### Dataset content
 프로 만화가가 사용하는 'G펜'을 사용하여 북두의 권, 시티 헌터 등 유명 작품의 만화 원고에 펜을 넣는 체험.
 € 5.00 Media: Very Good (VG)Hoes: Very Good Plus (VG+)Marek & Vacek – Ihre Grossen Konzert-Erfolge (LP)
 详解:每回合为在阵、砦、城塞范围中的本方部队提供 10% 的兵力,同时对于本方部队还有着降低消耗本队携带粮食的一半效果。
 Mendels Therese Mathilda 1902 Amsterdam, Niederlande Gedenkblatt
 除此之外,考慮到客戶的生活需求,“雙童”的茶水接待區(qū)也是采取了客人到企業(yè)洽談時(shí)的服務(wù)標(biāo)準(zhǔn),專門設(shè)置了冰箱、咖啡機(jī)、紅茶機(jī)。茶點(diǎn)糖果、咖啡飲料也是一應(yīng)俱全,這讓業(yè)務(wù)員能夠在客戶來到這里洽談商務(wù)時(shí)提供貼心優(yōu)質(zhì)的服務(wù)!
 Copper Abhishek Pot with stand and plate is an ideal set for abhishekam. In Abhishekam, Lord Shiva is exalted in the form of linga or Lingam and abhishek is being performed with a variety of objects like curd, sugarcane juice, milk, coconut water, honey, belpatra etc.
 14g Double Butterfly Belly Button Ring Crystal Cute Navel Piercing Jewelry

---

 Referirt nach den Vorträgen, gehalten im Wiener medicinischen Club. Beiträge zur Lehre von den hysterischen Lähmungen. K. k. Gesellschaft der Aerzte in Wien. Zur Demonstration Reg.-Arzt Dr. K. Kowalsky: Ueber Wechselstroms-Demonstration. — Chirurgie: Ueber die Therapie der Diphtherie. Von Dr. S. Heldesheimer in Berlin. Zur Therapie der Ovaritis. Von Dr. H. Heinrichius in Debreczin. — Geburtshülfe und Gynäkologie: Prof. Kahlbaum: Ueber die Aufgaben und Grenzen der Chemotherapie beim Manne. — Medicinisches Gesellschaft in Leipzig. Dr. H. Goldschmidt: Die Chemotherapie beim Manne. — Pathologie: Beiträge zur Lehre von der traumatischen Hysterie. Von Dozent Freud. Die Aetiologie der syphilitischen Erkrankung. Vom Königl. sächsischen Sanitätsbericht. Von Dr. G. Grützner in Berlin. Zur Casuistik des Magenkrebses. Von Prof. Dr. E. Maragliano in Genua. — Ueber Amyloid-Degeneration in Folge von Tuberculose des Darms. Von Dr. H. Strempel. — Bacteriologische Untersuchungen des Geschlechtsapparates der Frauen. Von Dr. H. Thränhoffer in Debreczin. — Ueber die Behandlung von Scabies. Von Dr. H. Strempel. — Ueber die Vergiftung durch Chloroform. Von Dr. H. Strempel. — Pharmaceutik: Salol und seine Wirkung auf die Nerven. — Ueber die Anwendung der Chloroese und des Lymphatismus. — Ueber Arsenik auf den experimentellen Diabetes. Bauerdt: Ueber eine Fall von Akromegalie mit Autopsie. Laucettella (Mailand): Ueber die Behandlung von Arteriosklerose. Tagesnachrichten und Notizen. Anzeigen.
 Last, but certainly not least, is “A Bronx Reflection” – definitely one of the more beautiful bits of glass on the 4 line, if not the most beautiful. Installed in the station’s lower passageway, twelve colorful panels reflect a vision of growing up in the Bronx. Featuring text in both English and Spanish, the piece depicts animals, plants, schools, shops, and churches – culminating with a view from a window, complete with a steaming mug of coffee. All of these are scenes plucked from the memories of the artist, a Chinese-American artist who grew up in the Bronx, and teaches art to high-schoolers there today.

* * *

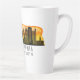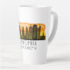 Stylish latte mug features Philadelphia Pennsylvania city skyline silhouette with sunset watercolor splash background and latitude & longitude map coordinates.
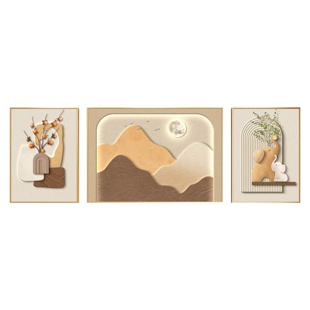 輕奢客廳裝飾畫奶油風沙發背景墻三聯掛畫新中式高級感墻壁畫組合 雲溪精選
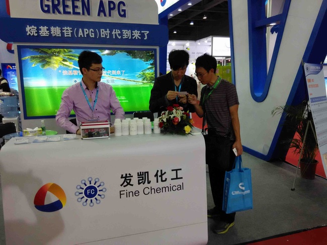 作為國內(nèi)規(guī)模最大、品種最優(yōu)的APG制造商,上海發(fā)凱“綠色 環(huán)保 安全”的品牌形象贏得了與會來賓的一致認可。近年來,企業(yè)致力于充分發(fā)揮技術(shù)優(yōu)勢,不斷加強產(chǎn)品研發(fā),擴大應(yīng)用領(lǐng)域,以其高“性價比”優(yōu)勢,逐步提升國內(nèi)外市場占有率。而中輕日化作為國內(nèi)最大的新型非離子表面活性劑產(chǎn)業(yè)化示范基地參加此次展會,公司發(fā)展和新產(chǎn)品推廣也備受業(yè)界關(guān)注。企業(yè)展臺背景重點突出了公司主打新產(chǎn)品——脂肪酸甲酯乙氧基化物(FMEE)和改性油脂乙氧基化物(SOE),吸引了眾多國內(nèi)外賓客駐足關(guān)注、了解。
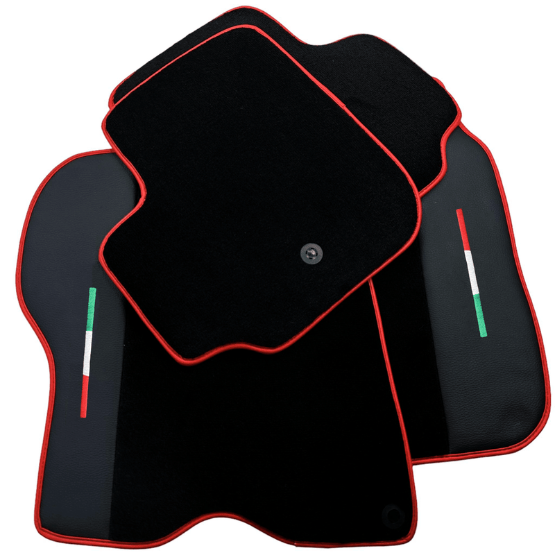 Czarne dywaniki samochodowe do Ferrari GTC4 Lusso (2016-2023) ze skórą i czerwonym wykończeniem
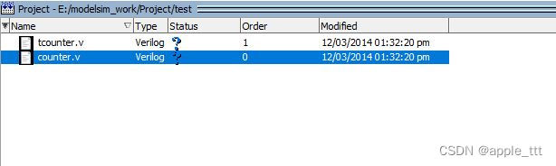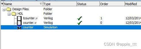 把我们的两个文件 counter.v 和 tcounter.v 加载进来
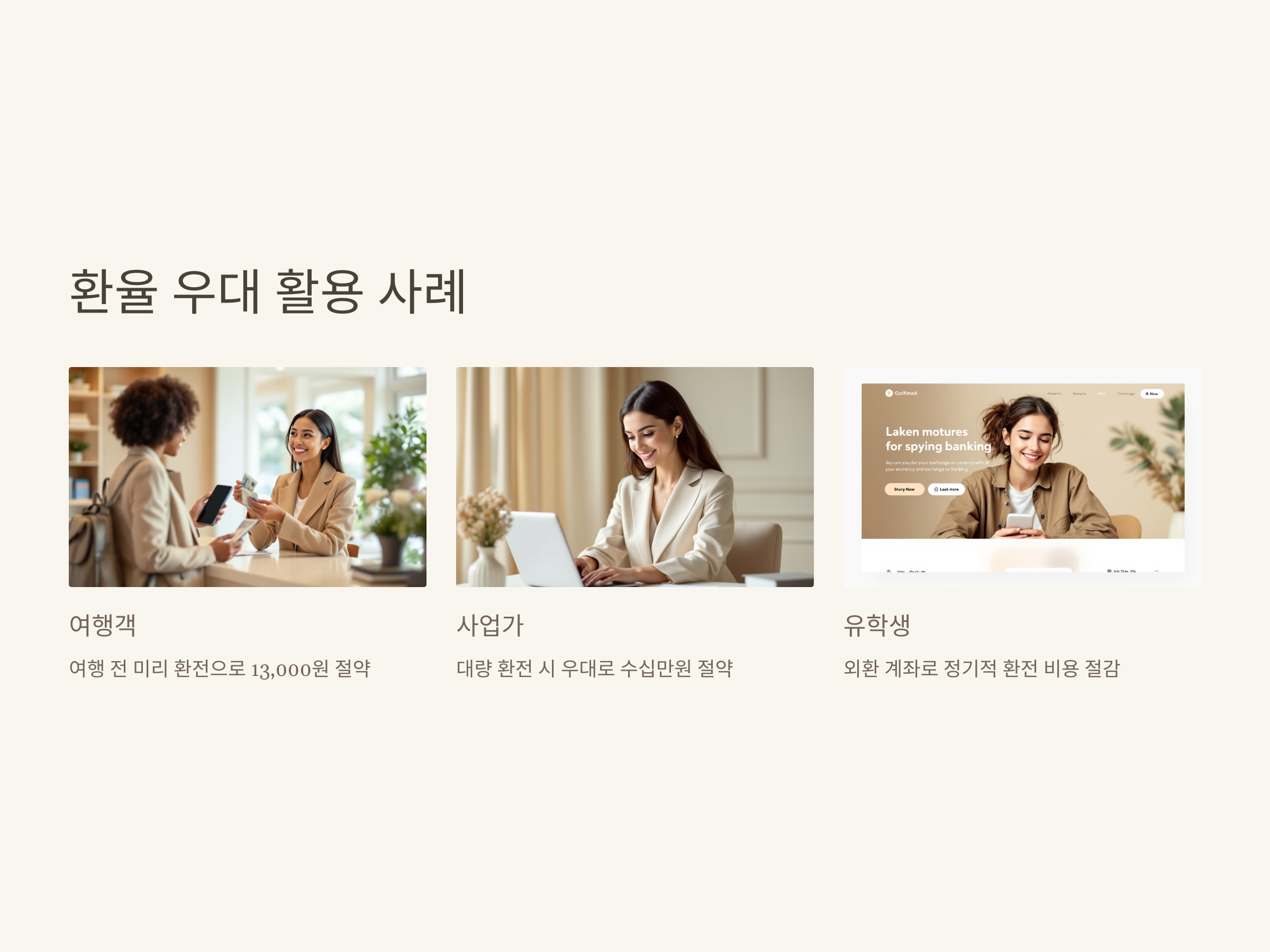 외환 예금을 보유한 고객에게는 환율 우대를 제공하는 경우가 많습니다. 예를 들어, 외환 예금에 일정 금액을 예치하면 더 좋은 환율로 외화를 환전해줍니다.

### Aim of the task
From the material above, set down exactly the lines starting at the one with "Mendels Therese Mathilda" and ending at the one with "Copper Abhishek Pot", end lines included.

### Written reply
 Mendels Therese Mathilda 1902 Amsterdam, Niederlande Gedenkblatt
 除此之外,考慮到客戶的生活需求,“雙童”的茶水接待區(qū)也是采取了客人到企業(yè)洽談時(shí)的服務(wù)標(biāo)準(zhǔn),專門設(shè)置了冰箱、咖啡機(jī)、紅茶機(jī)。茶點(diǎn)糖果、咖啡飲料也是一應(yīng)俱全,這讓業(yè)務(wù)員能夠在客戶來到這里洽談商務(wù)時(shí)提供貼心優(yōu)質(zhì)的服務(wù)!
 Copper Abhishek Pot with stand and plate is an ideal set for abhishekam. In Abhishekam, Lord Shiva is exalted in the form of linga or Lingam and abhishek is being performed with a variety of objects like curd, sugarcane juice, milk, coconut water, honey, belpatra etc.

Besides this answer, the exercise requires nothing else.